The EMME region is one of the areas most affected by the phenomenon of looting and illicit trade in cultural goods. Because of Cyprus’ central position with respect to the EMME region and its long and troubled history of its cultural heritage being extensively excavated and exported in vast quantities, the session started with the island’s case study. The Department of Antiquities of Cyprus, which is the competent authority for the preservation, protection and promotion of the island’s listed monuments and movable antiquities, provided an overview of the related challenges. In particular, the issues faced by Cyprus as one of the so-called "source countries" (victims of looting) and the work carried out in combating these illegal activities were highlighted. 

Researchers in the field of Cultural Heritage presented their scientific work. A contribution provided a sociological and technological analysis of the phenomenon. Since the illicit trade in antiquities has evolved significantly with the advent of technology, the presentation explored the ramifications of illicit antiquities e-commerce, the use of online databases, and the legislative and policy challenges posed by the intersection of technology and the illicit antiquities trade. Another contribution addressed the protection of specific typologies of cultural goods highly subject to illicit traffic. Interesting insights into the amount of items being sold online were presented; possible solutions to help discover their circulation, enhance understanding of the phenomenon, and protect them from the illicit trade were discussed.
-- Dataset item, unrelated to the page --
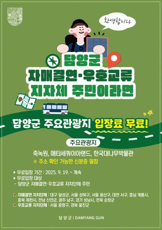 무료입장이 관광지는 담양의 대표 명소인 ▲죽녹원 ▲메타세쿼이아랜드 ▲한국대나무박물관 3곳이며, 자매결연·우호교류 도시 주민임을 확인할 수 있는 신분증 등 증빙서류를 제시하면 된다.

The work of Law and Enforcement Agencies was presented by two important actors in the fight against the illicit traffic of cultural goods. One contribution highlighted the work of the Cyprus Police and the collaboration with technological partners, such as the Cyprus Institute, in developing and using advanced technologies to prevent and combat the looting of cultural heritage. Another presentation showcased the work of the Cultural Heritage Protection department of the Carabinieri Command. Operational activities, investigative efforts, and in-house development of technologies detailed the successful stories carried out by the specialised department in Italy and abroad.

The session rounded up with the presentation of the ANCHISE project and its activities towards an effective protection of cultural heritage in Europe and on a global scale. The multidisciplinary and comprehensive approach and the solutions developed as a response to the challenges of combatting the looting and illicit trafficking of cultural goods were highlighted.

Finally, the presentations led to a fruitful discussion amongst the participants and speakers regarding how technologies can help in the combating of illicit trafficking of antiquities and the importance of multidisciplinary collaboration in the fight.